From recent lawsuit settlements to rising overdose rates, the opioid epidemic is as pressing an issue as ever. The United States’ opioid epidemic currently has a higher body count than the Vietnam War, claiming 106,000 lives in 2021 alone (“Drug Death Overdose Rates”). A public health crisis only exacerbated by the recent pandemic, drug addiction is a problem America has tried to solve since she started her War on Drugs in 1971. A strategy that started with mass incarceration is shifting its focus to other methods. Of the various tools that could be used to address the epidemic, few are more hotly debated or controversial than safe injection sites (SISs). SISs are facilities where drug users can inject their own drugs in a safe, sterile environment under the supervision of trained staff positioned to intervene in the case of an overdose. It must be noted that these sites do not actually provide drugs nor do their employees actively inject drugs into the site’s users although SISs do typically provide access to medical treatment, social workers, counselors, and addiction treatment (Interlandi). Opponents claim that these sites are, at best, a poor substitute for other means of addiction treatment and overdose death mitigation and, at worse, a way to glorify or even encourage drug use (Rosen). However, as these opponents point to other alternatives for overdose mitigation and addiction treatment, they often fail to address the barriers that accompany such alternatives, barriers that SISs might actually help substance abusers overcome. While SISs are not a panacea, they are a valuable tool for responding to the opioid epidemic as they patch the cracks left by other treatment options, connecting drug users to treatment options and enabling them to stay alive long enough to use them.
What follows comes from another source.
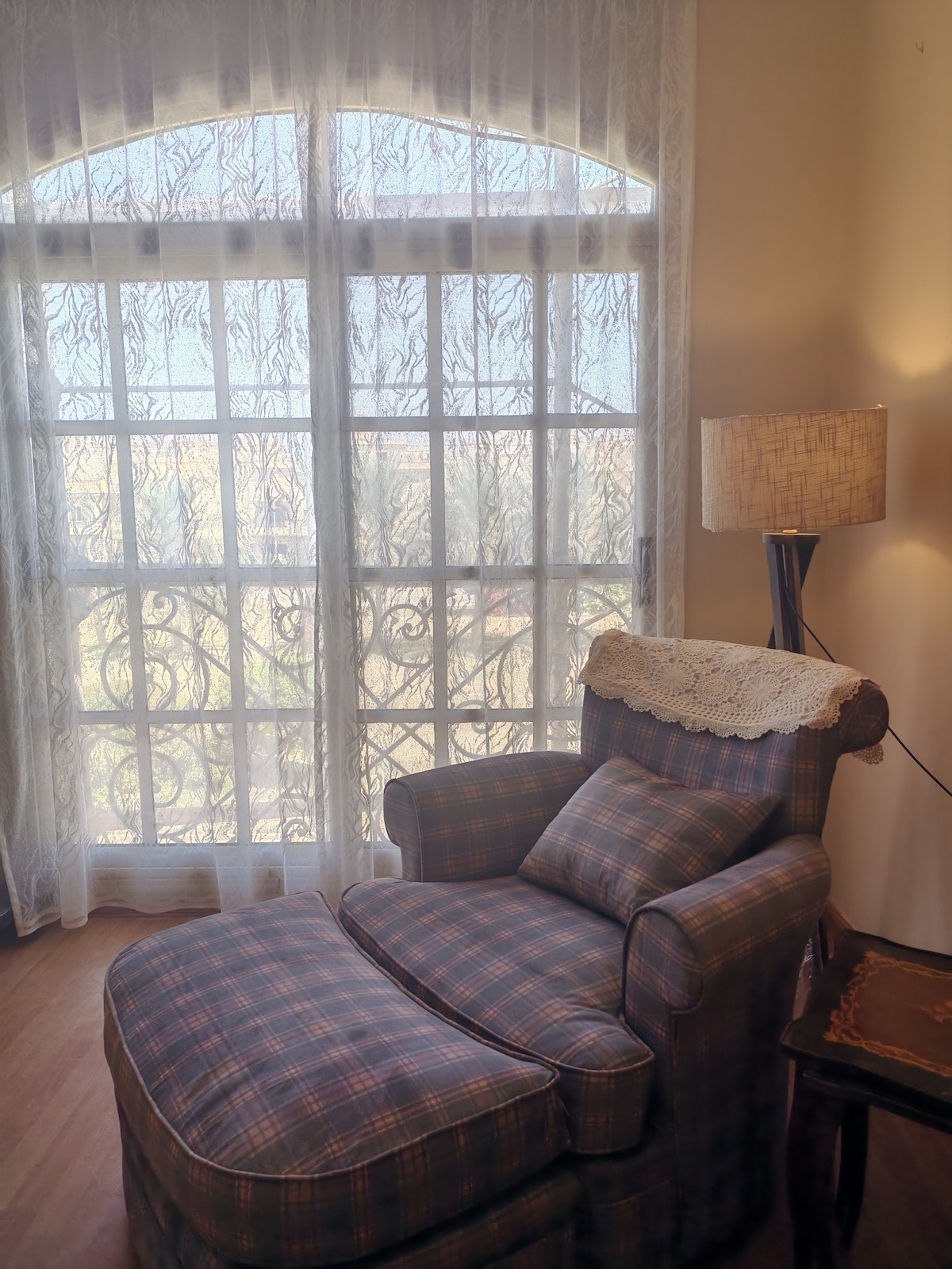 Enjoy a stylish experience at this centrally-located place. we do provide free luggage 🧳 assistance. 3 mins driving to Al Rehab & 1 min walking to Garden 8 Compound International Restaurants, Supermarket, Bars, Pharmacies are 1 min walking distance. Privacy is Guaranteed with Self Check in We're thrilled to welcome you to our unit on the 4th floor of our charming building. While there's no elevator, rest assured, our dedicated representative will be on hand to assist with your luggage.

SISs are not anything new. From Vancouver to France and Spain, SISs have been around since 1989 and exist in more than 60 cities (Kreit 415). Insite, Canada’s most well-known SIS, for example, was established in Vancouver in 2003. It was such a success that the Supreme Court of Canada explicitly recognized the benefits of SISs by ruling that the federal Minister of Health had to continue exempting InSite from criminal drug laws because closing Insite would undermine the people’s health and safety (Gordon). The justices are not alone in their appreciation for SISs. Business leaders in downtown Vancouver also acknowledged the value of Insite by actually requesting the implementation of another SIS near their businesses to decrease drug users from overdosing in their bathrooms and alleyways (Gordon). The New South Wales Health Department in Sydney, Australia also reported benefitting from SISs, as their analysis of opioid-overdose ambulance calls from 36 months before the opening of an SIS to 60 months after revealed a reduction in the number of opioid-related overdose events near the SIS (Ambrecht, et al.). The time and resources opioid-related calls typically required could be diverted to other people in need, while drug users benefitted by having fewer medical emergencies, displaying the positive impact SISs can have. Australia is not alone in experiencing such benefits as, throughout other countries, SISs are associated with decreased hospital utilization, decreased mortality and infectious disease rates, and increased access to treatment (Gray). By reducing infection transmissions, preventing overdoses, and increasing public safety, SISs benefit all members of a community from small business owners to the drug users themselves.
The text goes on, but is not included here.